* **Data in this exercise**:
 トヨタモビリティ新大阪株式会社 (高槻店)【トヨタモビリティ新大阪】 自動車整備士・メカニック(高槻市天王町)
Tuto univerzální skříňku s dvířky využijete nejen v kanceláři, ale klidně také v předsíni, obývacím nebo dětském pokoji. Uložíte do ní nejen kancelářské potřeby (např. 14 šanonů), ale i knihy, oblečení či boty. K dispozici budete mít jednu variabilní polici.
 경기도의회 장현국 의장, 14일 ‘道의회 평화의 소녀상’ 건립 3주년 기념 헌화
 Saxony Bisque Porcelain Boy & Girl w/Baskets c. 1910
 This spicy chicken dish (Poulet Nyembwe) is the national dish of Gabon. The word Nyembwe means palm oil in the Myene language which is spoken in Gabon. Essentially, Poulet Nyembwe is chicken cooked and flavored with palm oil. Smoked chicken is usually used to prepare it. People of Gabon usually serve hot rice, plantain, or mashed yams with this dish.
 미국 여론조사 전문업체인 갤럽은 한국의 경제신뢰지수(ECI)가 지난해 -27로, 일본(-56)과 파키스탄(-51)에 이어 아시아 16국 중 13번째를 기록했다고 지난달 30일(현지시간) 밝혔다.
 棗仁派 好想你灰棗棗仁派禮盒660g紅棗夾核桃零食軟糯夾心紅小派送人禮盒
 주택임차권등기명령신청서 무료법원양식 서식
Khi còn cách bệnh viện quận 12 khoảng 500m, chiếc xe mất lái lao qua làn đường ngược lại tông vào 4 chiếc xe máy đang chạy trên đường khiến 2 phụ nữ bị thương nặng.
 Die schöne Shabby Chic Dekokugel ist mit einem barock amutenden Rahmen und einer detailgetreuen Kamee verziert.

---

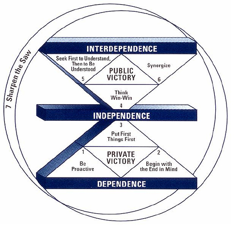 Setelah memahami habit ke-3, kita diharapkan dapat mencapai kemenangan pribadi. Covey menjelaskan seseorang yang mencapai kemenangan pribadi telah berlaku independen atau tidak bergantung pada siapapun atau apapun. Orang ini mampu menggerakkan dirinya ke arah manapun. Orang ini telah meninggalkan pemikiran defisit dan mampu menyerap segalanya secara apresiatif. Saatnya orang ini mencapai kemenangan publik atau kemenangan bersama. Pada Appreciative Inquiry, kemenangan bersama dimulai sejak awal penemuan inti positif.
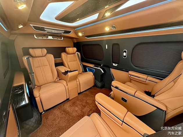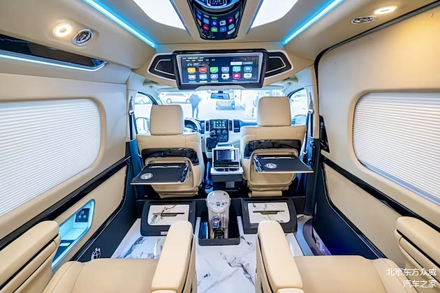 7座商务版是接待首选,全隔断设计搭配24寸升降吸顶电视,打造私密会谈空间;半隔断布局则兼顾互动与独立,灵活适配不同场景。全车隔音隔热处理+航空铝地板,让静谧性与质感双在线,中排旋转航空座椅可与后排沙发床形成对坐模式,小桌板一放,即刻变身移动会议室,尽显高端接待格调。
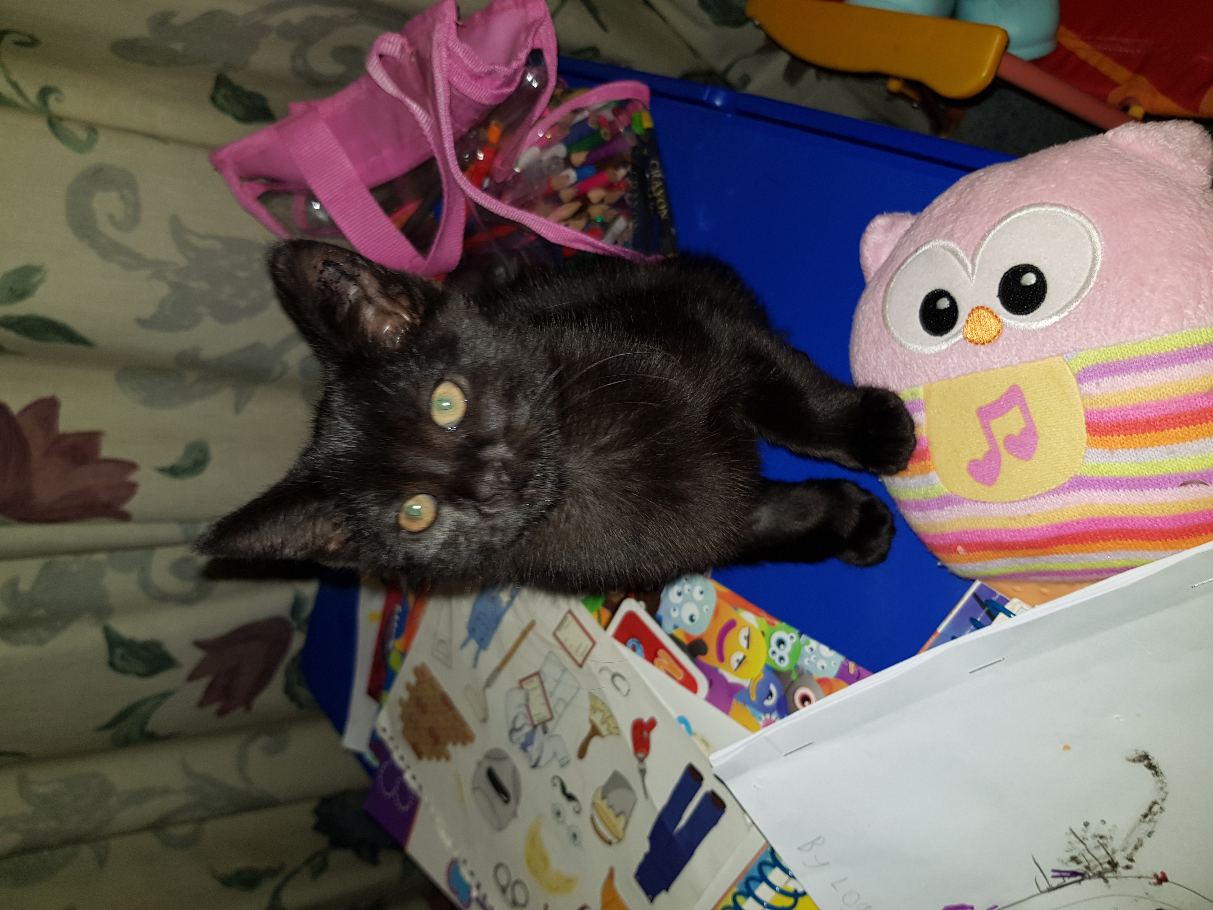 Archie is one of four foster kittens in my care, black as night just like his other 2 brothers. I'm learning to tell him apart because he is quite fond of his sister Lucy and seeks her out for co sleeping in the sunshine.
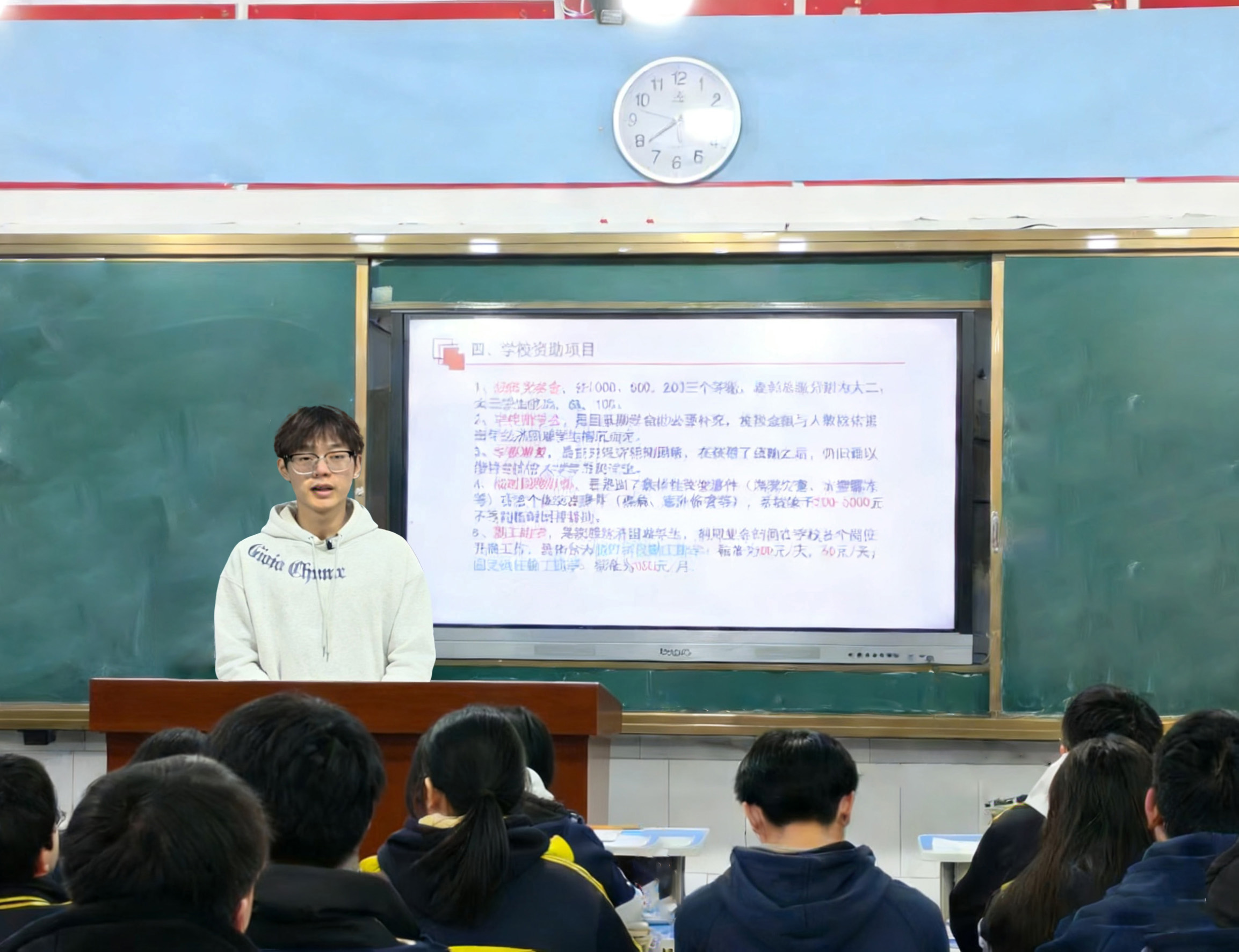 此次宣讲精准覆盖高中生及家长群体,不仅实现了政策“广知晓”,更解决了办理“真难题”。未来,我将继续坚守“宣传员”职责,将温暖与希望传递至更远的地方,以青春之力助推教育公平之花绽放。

---

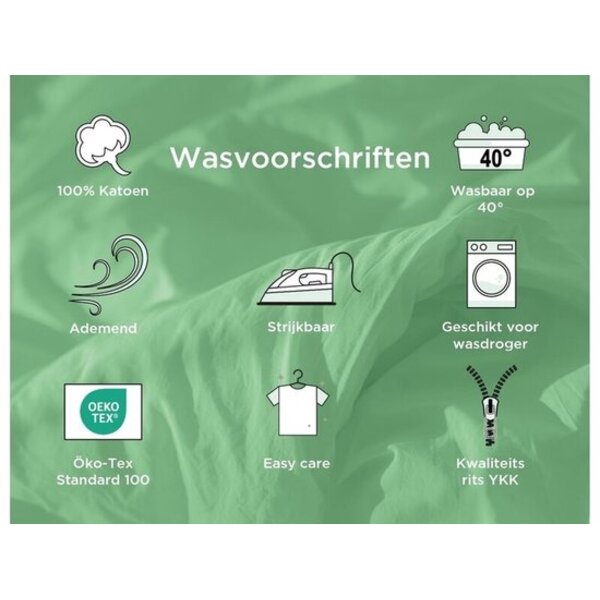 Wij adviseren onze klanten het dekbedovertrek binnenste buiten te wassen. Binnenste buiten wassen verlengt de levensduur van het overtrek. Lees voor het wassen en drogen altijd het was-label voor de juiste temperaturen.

* **Goal of the exercise**: Word for word, restate the lines of the data above that fall between the line holding "경기도의회 장현국 의장, 14일 ‘道의회 평화의 소녀상’ 건립 3주년 기념 헌화" and the line holding "Die schöne Shabby", inclusive, and no other lines.

* **Reply to the exercise**:
 경기도의회 장현국 의장, 14일 ‘道의회 평화의 소녀상’ 건립 3주년 기념 헌화
 Saxony Bisque Porcelain Boy & Girl w/Baskets c. 1910
 This spicy chicken dish (Poulet Nyembwe) is the national dish of Gabon. The word Nyembwe means palm oil in the Myene language which is spoken in Gabon. Essentially, Poulet Nyembwe is chicken cooked and flavored with palm oil. Smoked chicken is usually used to prepare it. People of Gabon usually serve hot rice, plantain, or mashed yams with this dish.
 미국 여론조사 전문업체인 갤럽은 한국의 경제신뢰지수(ECI)가 지난해 -27로, 일본(-56)과 파키스탄(-51)에 이어 아시아 16국 중 13번째를 기록했다고 지난달 30일(현지시간) 밝혔다.
 棗仁派 好想你灰棗棗仁派禮盒660g紅棗夾核桃零食軟糯夾心紅小派送人禮盒
 주택임차권등기명령신청서 무료법원양식 서식
Khi còn cách bệnh viện quận 12 khoảng 500m, chiếc xe mất lái lao qua làn đường ngược lại tông vào 4 chiếc xe máy đang chạy trên đường khiến 2 phụ nữ bị thương nặng.
 Die schöne Shabby Chic Dekokugel ist mit einem barock amutenden Rahmen und einer detailgetreuen Kamee verziert.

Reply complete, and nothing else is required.